# Bruce Willis - Underrated



## Dave (Mar 24, 2011)

I was watching _Mercury Rising_ and it struck me that Bruce has been in some of my favourite Sci-Fi films - _Twelve Monkeys, Sixth Sense, The Fifth Element, Unbreakable_ not to mention some of the best action films - _Die Hard 1-4_ and also in _Pulp Fiction_. I also have a shameful secret to tell - I quiet like the _Look Who's Talking_ films too.

We have threads here on other action heroes - Arnold Schwarzenegger - but Bruce's comedies are funnier and he's far tougher. And he's always suffered some tragedy, or has lost something or had a crisis of confidence or conscience that metro-sexual men can relate to and who women want to mother. 

The only action film actor who can rival him on comedies and toughness is Clint Eastwood. And the only SciFi film I can remember him doing was _Space Cowboys_.

So, I think he is hugely underrated.


----------



## Culhwch (Mar 24, 2011)

Agreed. I love Bruce Willis. The _Die Hard_ movies are brilliant (well, the first and third, definitely), and the SF films you list are great as well. _Look Who's Talking_...? Well, not so much. Though my wife does love them.


----------



## Gary Compton (Mar 24, 2011)

I agree, any Bruce Willis film is worth watching. 

I always remember me and the missus, accompanied by a couple or three of bottles of wine, several packets of nibbles, watched Die Hard 1 one Sat night. 

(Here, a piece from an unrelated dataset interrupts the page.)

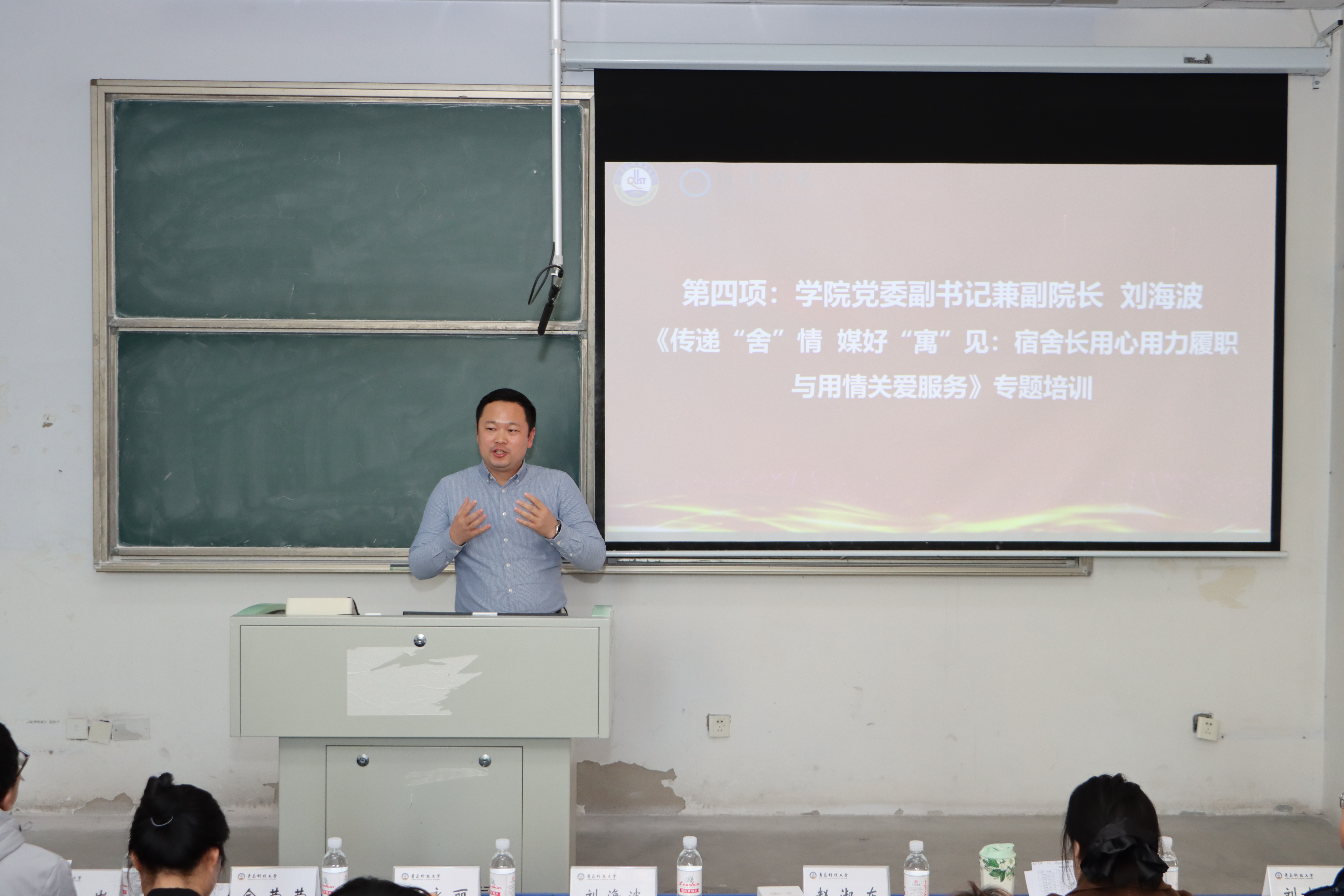 刘海波以《传递“舍”情,媒好“寓”见:宿舍长用心用力履职与用情关爱服务》为题,从“用心观察、用力履职、用情服务”三个维度,深入浅出地讲述了舍长工作的方式方法和目标任务,并向全院学生舍长提四点希望:一是加强党建引领,争做宿舍建设的引领者。要对照党员标准严于律己,以身作则当好宿舍当家人、协调员和守护员。二是筑牢安全底线,争做宿舍建设的践行者。要严格落实学生公寓管理规定,落实“四勤、五不、六要”公寓规范。三是保持内务整洁,争做宿舍建设的示范者。要加强宿舍文明创建、内务卫生整理、自我管理服务,共同营造干净整洁、文明有序的宿舍环境。四是珍惜同窗情谊,争做宿舍建设的传播者。要心怀感恩,理解包容,在团结互助的宿舍环境中快乐的读书学习,健康的成长发展。

At the time it was the best film we'd ever watched.

Keep'em coming Bruce.


----------



## Interference (Mar 24, 2011)

Leave us not forget Moonlighting 

Actually, I never saw Moonlighting, but someone evidently thought he'd served his apprenticeship well.


----------



## Dave (Mar 24, 2011)

I think Moonlighting might be his problem. There is nothing wrong with an apprenticeship in a TV series. Clint Eastwood did his in Rawhide.  Arny was a bodybuilder!!! People conveniently forget that, but for some reason, Bruce is forever associated with Moonlighting. I think I only saw it a couple of times; eminently forgettable; maybe it was more popular in the US than the UK.


----------



## Interference (Mar 24, 2011)

I gather he stole the show, all the same.


----------



## Boneman (Mar 25, 2011)

But he did do the time-travel fantasy called The Kid, and was convincing in that, too. It suffered from being emblazoned "Disney's - The Kid' and at my local cinema they assumed it was for littluns, and only put it on in the afternoon...


----------



## Vladd67 (Mar 25, 2011)

My wife has the complete Miami Vice on DVD and it was a surprise to see Bruce appear as a drug dealer. Jerry Doyle from Babylon 5 was often called the poor mans Bruce Willis, and it's funny to see that his first TV role was on Moonlighting as a David Addison (Bruce Willis) Wannabe.


----------



## soulsinging (Mar 25, 2011)

There's a really underrated Usual Suspects-style crime thriller that he's in that almost nobody saw... it's called Lucky Number Slevin. Bruce is great in it, as are Morgan Freeman and Ben Kingsley. Even Josh Hartnett surprised me as the lead. It's worth watching.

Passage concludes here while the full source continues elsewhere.